Date Published: January 13, 2010
Publisher: Public Library of Science
Author(s): Sean Myles, Jer-Ming Chia, Bonnie Hurwitz, Charles Simon, Gan Yuan Zhong, Edward Buckler, Doreen Ware, Pär K. Ingvarsson. http://doi.org/10.1371/journal.pone.0008219
Abstract: Next-generation sequencing technologies promise to dramatically accelerate the use of genetic information for crop improvement by facilitating the genetic mapping of agriculturally important phenotypes. The first step in optimizing the design of genetic mapping studies involves large-scale polymorphism discovery and a subsequent genome-wide assessment of the population structure and pattern of linkage disequilibrium (LD) in the species of interest. In the present study, we provide such an assessment for the grapevine (genus Vitis), the world’s most economically important fruit crop. Reduced representation libraries (RRLs) from 17 grape DNA samples (10 cultivated V. vinifera and 7 wild Vitis species) were sequenced with sequencing-by-synthesis technology. We developed heuristic approaches for SNP calling, identified hundreds of thousands of SNPs and validated a subset of these SNPs on a 9K genotyping array. We demonstrate that the 9K SNP array provides sufficient resolution to distinguish among V. vinifera cultivars, between V. vinifera and wild Vitis species, and even among diverse wild Vitis species. We show that there is substantial sharing of polymorphism between V. vinifera and wild Vitis species and find that genetic relationships among V. vinifera cultivars agree well with their proposed geographic origins using principal components analysis (PCA). Levels of LD in the domesticated grapevine are low even at short ranges, but LD persists above background levels to 3 kb. While genotyping arrays are useful for assessing population structure and the decay of LD across large numbers of samples, we suggest that whole-genome sequencing will become the genotyping method of choice for genome-wide genetic mapping studies in high-diversity plant species. This study demonstrates that we can move quickly towards genome-wide studies of crop species using next-generation sequencing. Our study sets the stage for future work in other high diversity crop species, and provides a significant enhancement to current genetic resources available to the grapevine genetic community.

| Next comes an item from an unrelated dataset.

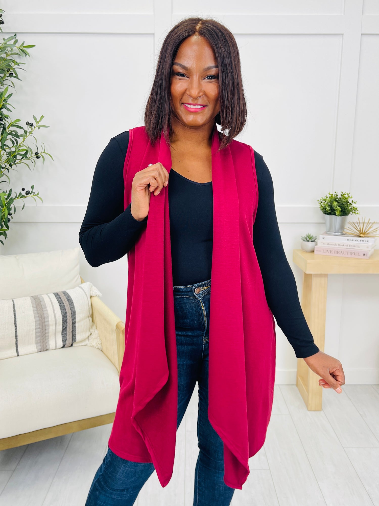 This long sleeveless cardigan is the definition of effortless layering — featuring a flowing drape that falls beautifully and creates an easy, elongated silhouette. The open front and asymmetrical hemline make it a go-to piece for pairing over basics, allowing the color and length to elevate even the most simple outfit. Add it over tees and tops any season you want an extra lightweight layer, and enjoy how polished and put-together it makes every look feel.
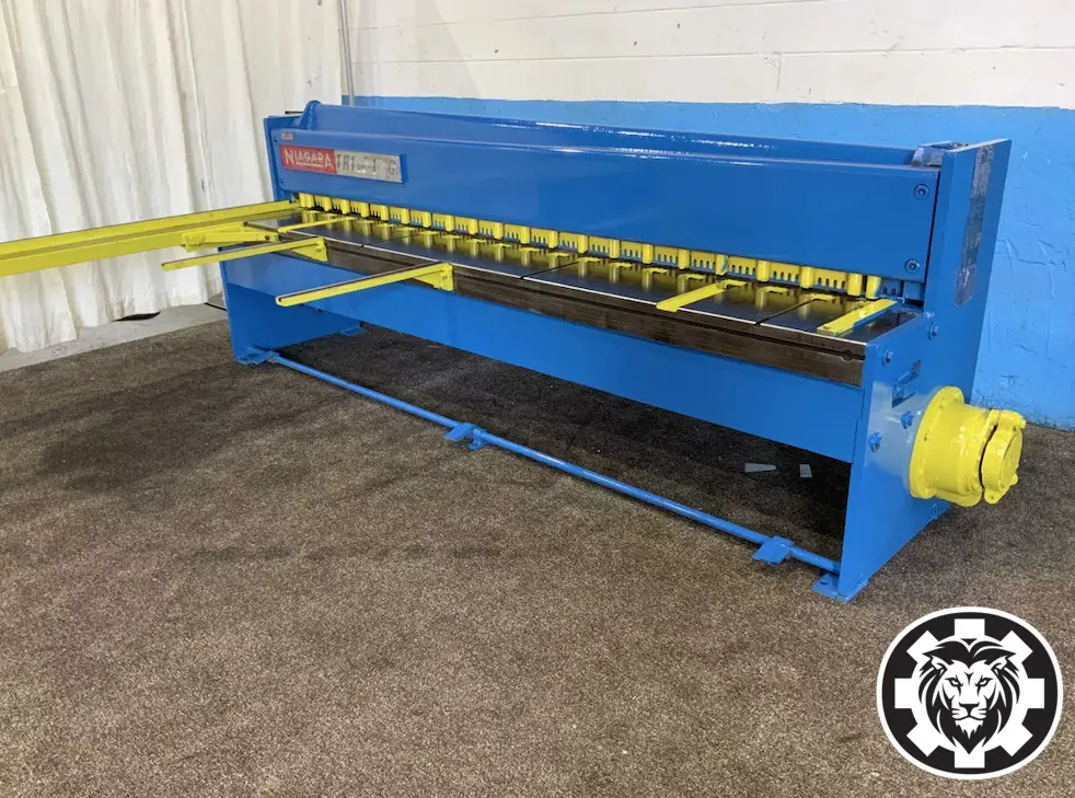 NIAGARA 1R-10-10GA Power Squaring Shears in used condition, featuring a max gauge capacity of 10 and a 120" blade length. Ideal for precise sheet metal work with reliable performance. Equipped with original NIAGARA components.

Partial Text: The aim of genetic mapping studies is to identify loci that underlie phenotypic variation. Genetic mapping studies are critical for improving crops through marker-assisted breeding and for our understanding of the relationship between genotype and phenotype . Genome wide association (GWA) mapping  and genomic selection (GS)  are increasingly being adopted for crop improvement and they often require large numbers of genetic markers. One of the main challenges in agricultural genetics is to access and use the tremendous genetic variation present in germplasm collections and in the wild, as crop species are far more diverse than the vertebrate systems used in biomedical research. To do this, approaches for applying next generation sequencing technology to non-model systems need to be developed .
We generated reduced representation libraries (RRLs) from 17 grapevine DNA samples (10 cultivated V. vinifera varieties, 6 wild Vitis species and the reference genome (inbred Pinot Noir) – see Table S1 for details on samples) by digesting each sample with the restriction enzyme HpaII, which has proved useful in the generation of RRLs by others , . The generation of RRLs permits high-coverage sequencing of a small, similar fraction of the genome across samples. Each RRL was sequenced on a single lane of Illumina’s Genome Analyzer to produce 57.3 million 36-bp reads (2.6 Gb of DNA sequence). We trimmed off the last 4 bases of each read and aligned the 32 bp reads to the reference genome using ELAND (Illumina Inc). In total, 68% of the reads successfully mapped to the reference genome: 57% mapped uniquely, 11% mapped to multiple locations (repetitive) and 32% provided no alignment (no match). Figure 1 provides a summary of the alignment results and the proportion of reads carrying the HpaII sequence tag across the 17 samples.
WGA and GS studies have generally concentrated on a small number of organisms with established genotyping arrays. With the decreasing costs of DNA sequencing and genotyping, we anticipate that there will be interest in moving rapidly towards GWA and GS studies in organisms for which relatively little genetic data currently exists. Particularly in plants, the Germplasm Repositories of the United States Department of Agriculture currently house over 500,000 different accessions, presenting an enormous amount of genetic diversity to be catalogued and an incredibly large inventory of genetic variation waiting to be discovered and used. In the present study, we provide a framework for rapidly and cost-effectively moving from very few genetic resources, to genome-wide characterization of a species of great economic and cultural interest, the grapevine.